— Да, да… Я тоже с волнением слушал его, — отозвался Петя из своего уголка, отгороженного ширмами. — А как Степан Ильич хорошо, проникновенно говорил, что наша наука и техника развиваются быстро и победно именно потому, что «я, ты и мы взаимно обогащают друг друга» и что в настоящей науке и технике миновал век «непонятых и погибающих одиночек…»
— А я, сынок, не раз подумала на собрании, знаешь, еще о чем? Когда эта твоя и всей вашей бригады история стала всем известна, как она всех взволновала!.. Правда?.. Иногда, слышала я, люди говорили о «личном» и «общественном» так, как будто эти понятия, как два берега, разделенные рекой, значат каждый сам по себе… А в жизни-то они вместе: одинок и слаб человек без общества, и общество многое теряет, не замечая людей… Сегодня, на партсобрании, я особенно сильно почувствовала, как хорошо и правильно выходит, когда то и другое вместе. Ну, конечно, ты скажешь: это еще и оттого, мама, что о сыне твоем речь шла. Но не только поэтому я удовлетворена. Ты заметил, Петенька, что, когда все двенадцать ораторов высказались, Степан Ильич сделал одну попытку по отношению к Сковородину?
— А!.. Когда старик стал подытоживать прения? Ну, конечно, это не только мы с тобой, но и все заметили! По-моему, это был, как кто-то позади меня выразился, «очень выпуклый момент…» (Эту «выпуклость» Петя осознал с острой, как удушье, горечью: «словно уксуса напился», как признался он матери после собрания.)
…— Итак, товарищи, — повторил Степан Ильич, — Петр Николаевич Мельников принят в члены партии единогласно, за исключением… одного воздержавшегося…
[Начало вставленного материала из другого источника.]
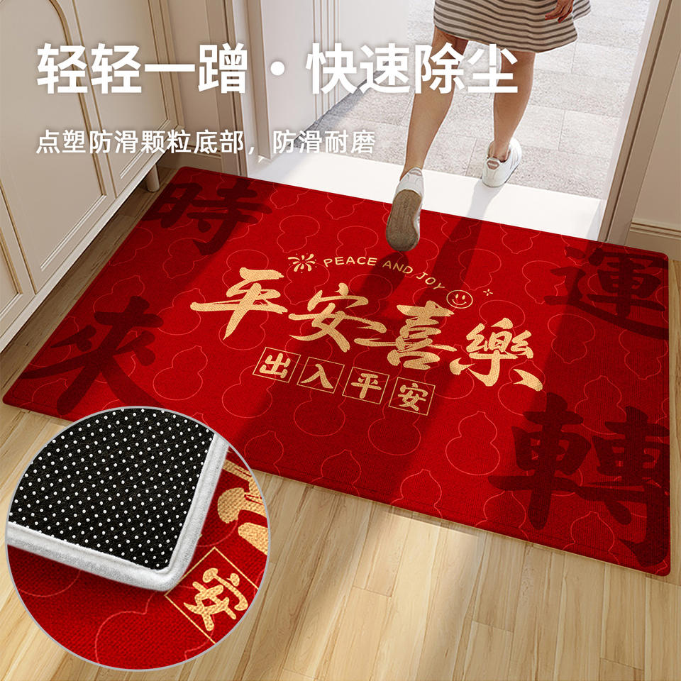 พรมเช็ดเท้าทางเข้าสีแดงสำหรับเทศกาล รูปทรงสี่เหลี่ยมผืนผ้า ทำจากเส้นใยโพลีเอสเตอร์ กันลื่น ใช้ในบ้าน ลายสันติภาพและความสุข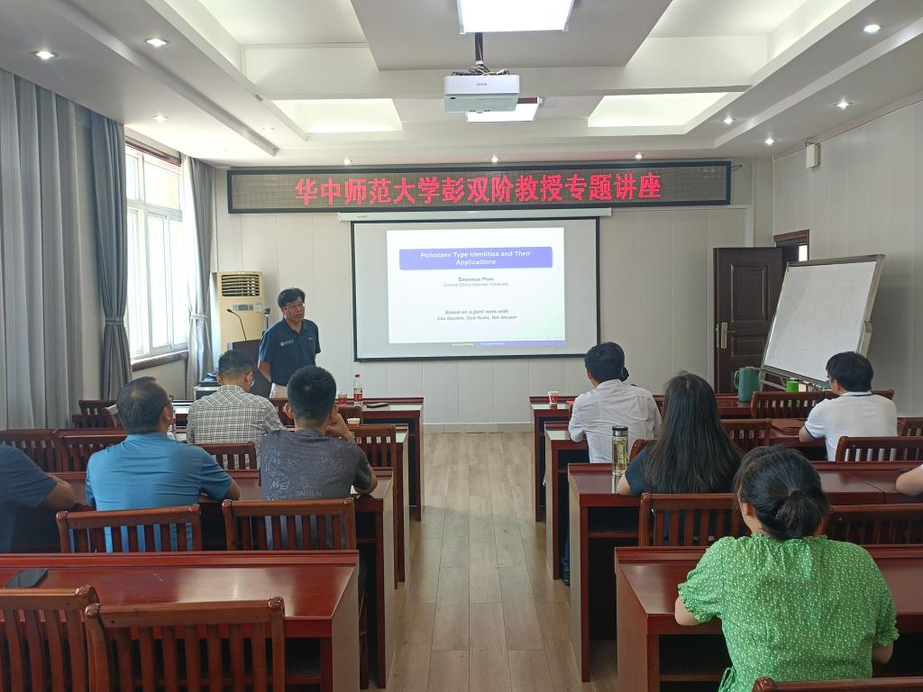 应数学与统计学院邀请,华中师范大学彭双阶教授于819日下午在数学楼315报告厅进行了系列专题讲座,主题为“I: Pohozaev type identities and their applications. IIConcentrated solutions to nonlinear Schrodinger equations with very degenerate potentials. 讲座由副校长王娟主持,学院领导、部分专业教师和研究生参加了此次讲座。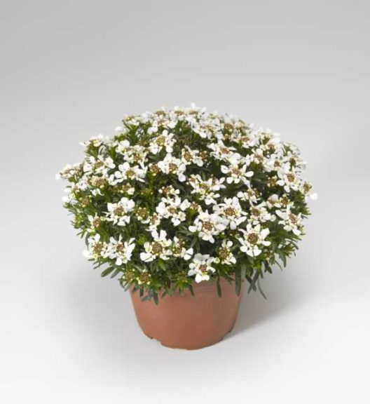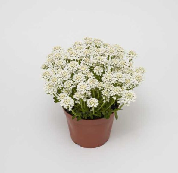 ‘Snowdrift White’ is a late-flowering iberis that works well for extending the selling season. The plants bloom on average two weeks later than Snow Surfer, and four weeks later than Snow Cone. Snowdrift Iberis work well for one-quart to 2½ quart programs. -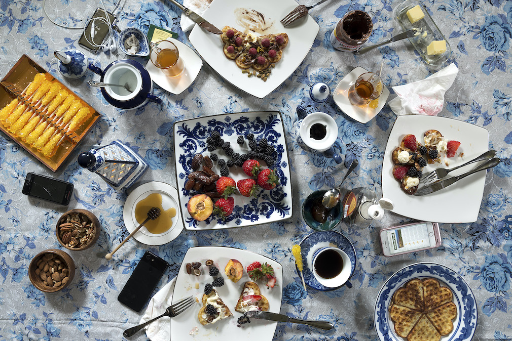 “THE IDEA OF CAPTURING GENUINE MEALS WITH OUR NEW AND UBIQUITOUS DIGITAL ENHANCEMENTS FELT APPROPRIATE AND RELEVANT. IT INSPIRED ME TO CONCEPTUALIZE IMAGES BEYOND BEAUTIFUL FOODSCAPES, REFLECTING THE SHIFTING ZEITGEIST.” —CHRISTOS J. PALIOS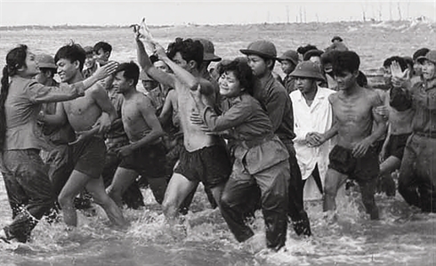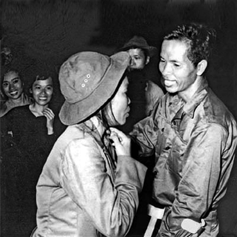Comme tant d’autres journalistes de guerre, Chu Chi Thành, ancien reporter-photographe de l’Agence Vietnamienne d’Information (AVI), a passé durant sa jeunesse de longues années sur le champ de bataille à couvrir l’événement. Appareil photo en bandoulière, il a immortalisé ces moments historiques de la résistance nationale anti-américaine, pour la réunification du pays. «Retour victorieux de la prison ennemie», l’œuvre qui lui vaut aujourd’hui tant d’honneur, relate, à travers quatre photos, un «moment inoubliable» au printemps 1973, où des militants détenus par l’ennemi sont alors libérés sur la rivière Thach Han (province de Quang Tri), et se précipitent les pieds dans l’eau dans les bras de leurs compagnons d’armes. Une scène rendue possible grâce à l’Accord de Paris - qui met un terme à la guerre au Vietnam - signé en février 1973 entre les belligérants. Un des clichés décrit les retrouvailles émouvantes d’un couple de militants détenus séparément 13 ans durant.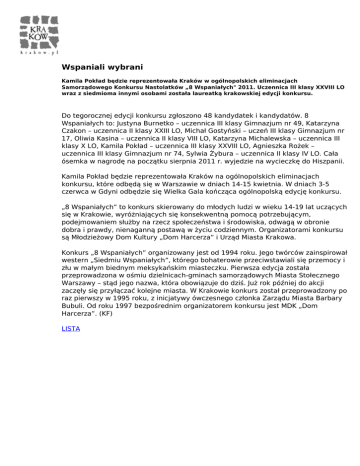 Wspaniali wybrani Kamila Pokład będzie reprezentowała Kraków w ogólnopolskich eliminacjach Samorządowego Konkursu Nastolatków „8 Wspaniałych" 2011. Uczennica III klasy XXVIII LO wraz z siedmioma innymi osobami została laureatką krakowskiej edycji konkursu. Do tegorocznej edycji konkursu zgłoszono 48 kandydatek i kandydatów. 8 Wspaniałych to: Justyna Burnetko – uczennica III klasy Gimnazjum nr 49, Katarzyna Czakon – uczennica II klasy XXIII LO, Michał Gostyński – uczeń III klasy Gimnazjum nr 17, Oliwia Kasina – uczennica II klasy VIII LO, Katarzyna Michalewska – uczennica III klasy X LO, Kamila Pokład – uczennica III klasy XXVIII LO, Agnieszka Rożek – uczennica III klasy Gimnazjum nr 74, Sylwia Żybura – uczennica II klasy IV LO. Cała ósemka w nagrodę na początku sierpnia 2011 r. wyjedzie na wycieczkę do Hiszpanii. Kamila Pokład będzie reprezentowała Kraków na ogólnopolskich eliminacjach konkursu, które odbędą się w Warszawie w dniach 14-15 kwietnia. W dniach 3-5 czerwca w Gdyni odbędzie się Wielka Gala kończąca ogólnopolską edycję konkursu. „8 Wspaniałych” to konkurs skierowany do młodych ludzi w wieku 14-19 lat uczących się w Krakowie, wyróżniających się konsekwentną pomocą potrzebującym, podejmowaniem służby na rzecz społeczeństwa i środowiska, odwagą w obronie dobra i prawdy, nienaganną postawą w życiu codziennym. Organizatorami konkursu są Młodzieżowy Dom Kultury „Dom Harcerza” i Urząd Miasta Krakowa. Konkurs „8 Wspaniałych” organizowany jest od 1994 roku. Jego twórców zainspirował western „Siedmiu Wspaniałych”, którego bohaterowie przeciwstawiali się przemocy i złu w małym biednym meksykańskim miasteczku. Pierwsza edycja została przeprowadzona w ośmiu dzielnicach-gminach samorządowych Miasta Stołecznego Warszawy – stąd jego nazwa, która obowiązuje do dziś. Już rok później do akcji zaczęły się przyłączać kolejne miasta. W Krakowie konkurs został przeprowadzony po raz pierwszy w 1995 roku, z inicjatywy ówczesnego członka Zarządu Miasta Barbary Bubuli. Od roku 1997 bezpośrednim organizatorem konkursu jest MDK „Dom Harcerza”. (KF) LISTA Powered by TCPDF (www.tcpdf.org)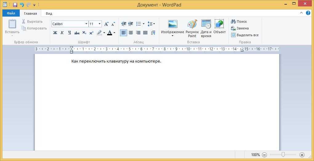 Для примера проверки работоспособности программы введем предложение «Как переключить клавиатуру на компьютере» с включенной английской раскладкой в WordPad. В результате ввода, уже на первом слове, Punto Switcher изменит раскладку на русскую.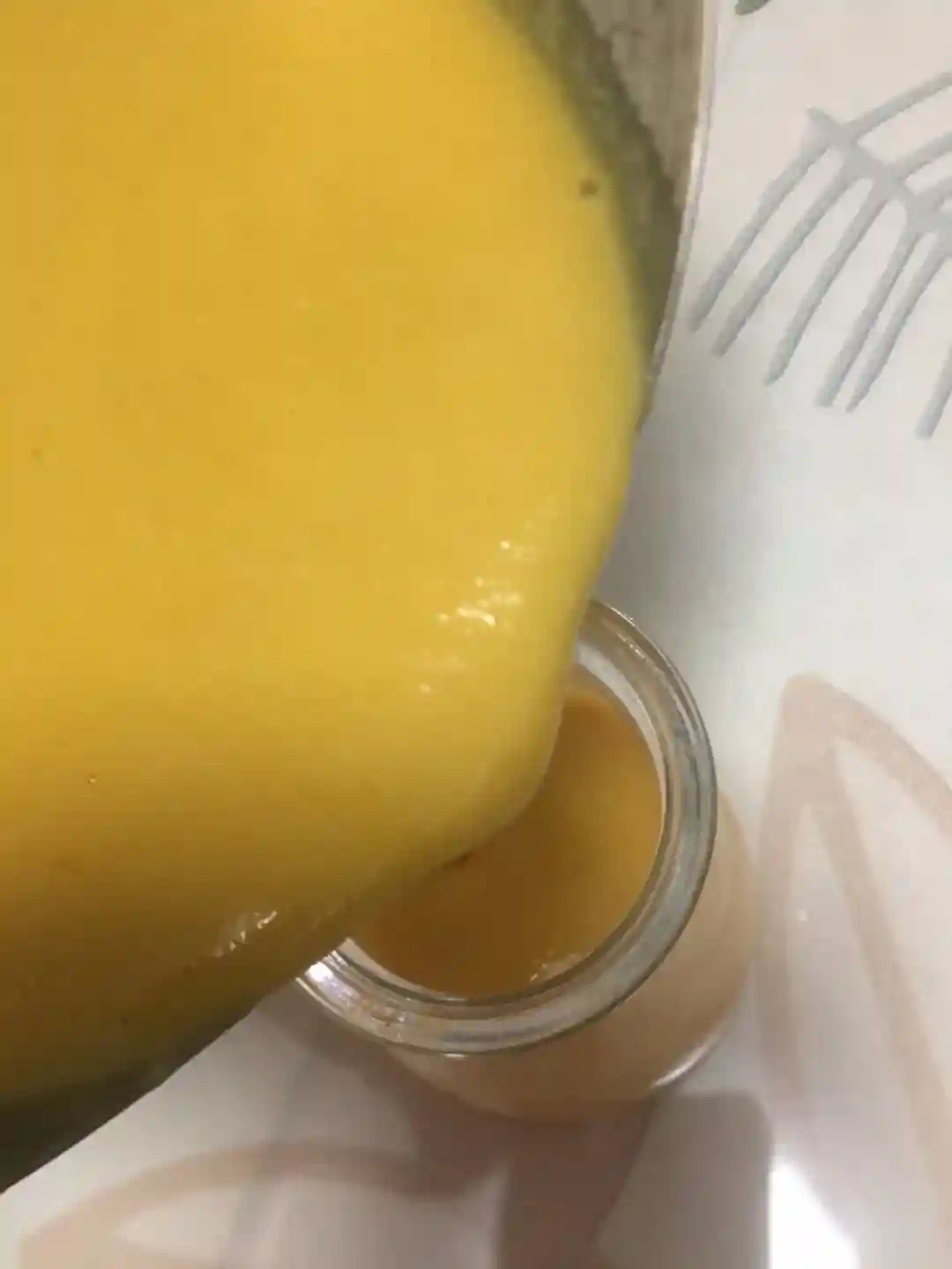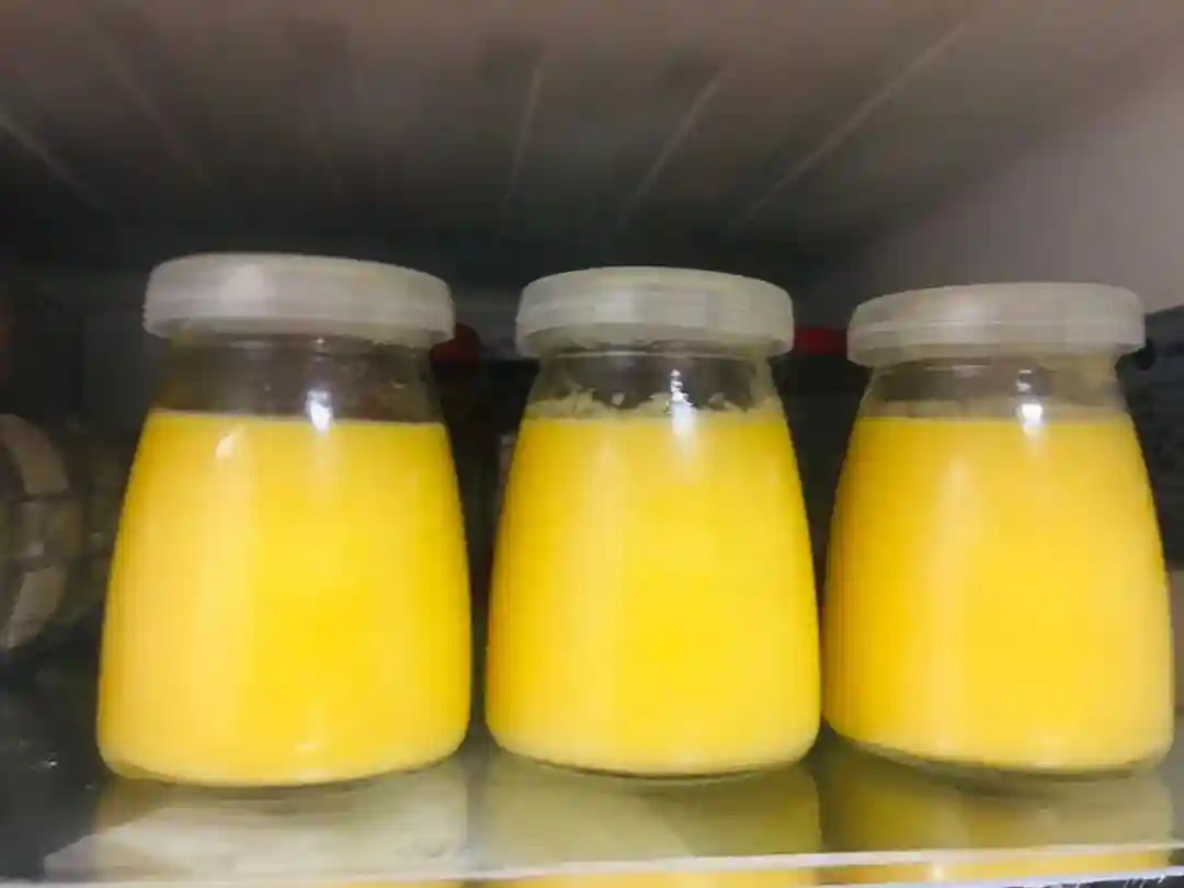 6/把芒果混合物过筛一下,这样布丁口感更细腻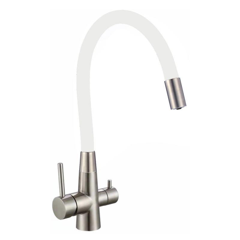 Смеситель для кухни с подключением к фильтру Fmark FS1062-L02, сатин. Гарантийный срок: 5 лет. Поверхность: матовая. Материал: нержавеющая сталь. Монтаж: на мойку, на столешницу.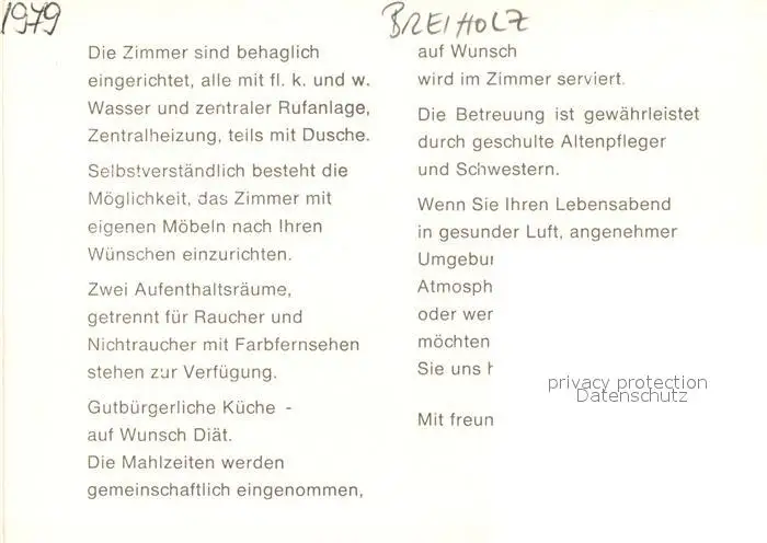 Breiholz Altenpension Breiholzer Hof Restaurant Terrasse Breiholz postalisch nicht gelaufen 1979 Werbekarte (keine Postkarte) Erhaltung siehe scans [FriedD77] Werbekarte (keine Postkarte) Frierer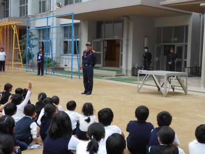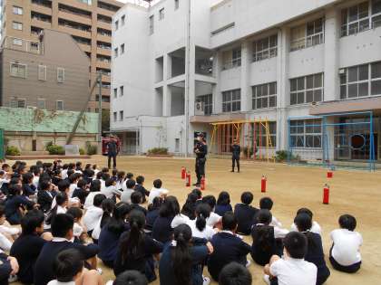 本日5時間目に、火災を想定した避難訓練が行われました。緊急ベルの合図で運動場に避難した後、福島消防署の方から、速やかに行動することの大切さについて聞きました。その後3年生から6年生は運動場で、実際に消火器を使って消火体験をしました。1,2年生は講堂で、火事にまつわるDVDを見ました。福島消防署の皆様、大切なお話をたくさんしていただきありがとうございました。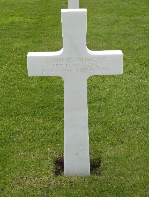 John C. Duncan entered the military service in California. He served in the U.S. Army during World War II as a Private First Class in the 18th Infantry Regiment, 1st Infantry Division. He died on November 23, 1944 and is now buried in Henri-Chapelle American Cemetery, Hombourg, Belgium.

Старик Соснин, помедлив — все это поняли, — намеренно посмотрел на Сковородина. Но Петр Семенович молчал. Сотни глаз смотрели на него, а он молчал, словно запершись ото всех, землисто-бледный, неподвижный, будто и неживой. Пете казалось, как тепло дыхания сотен людей и как настойчивая сила всеобщего напряжения, как тихая, но сильная волна наплывает на него, а он молчал. Потом вдруг поднялся, тяжело шагая, будто с невероятным трудом неся свое большое тело, прошел через сцену и скрылся за кулисами. Никто не стал догонять его.
— А мне стало вдруг так больно и обидно, мама!.. Вот, значит, как он уже возненавидел меня!.. «Против» он проголосовать не решился, а «воздержался» на твердо!.. Пусть, дескать, хоть один-разъединственный, но голос большого человека навсегда и останется в партийном деле Мельникова!
— Ну что с ним поделаешь, сынок!.. Видно, у него характер с крайностями.
— Я вот сейчас думаю, мама: как работать мне дальше в сковородинском отделе?
— Очень возможно, что и не придется работать…
— Ты так спокойно думаешь об этом, мама?
— Видишь ли, Петя, мне сейчас самым важным кажется, что ты не ослабел, а выстоял… Понимаешь, выстоял!.. Потому и перевод твой из кандидатов в члены партии прошел так хорошо и всем запомнился!.. В тебе увидели именно такого человека… И, в сущности, что это значит — выстоять? Это ведь не только достойно держаться, сынок, а и делом доказать свою правоту…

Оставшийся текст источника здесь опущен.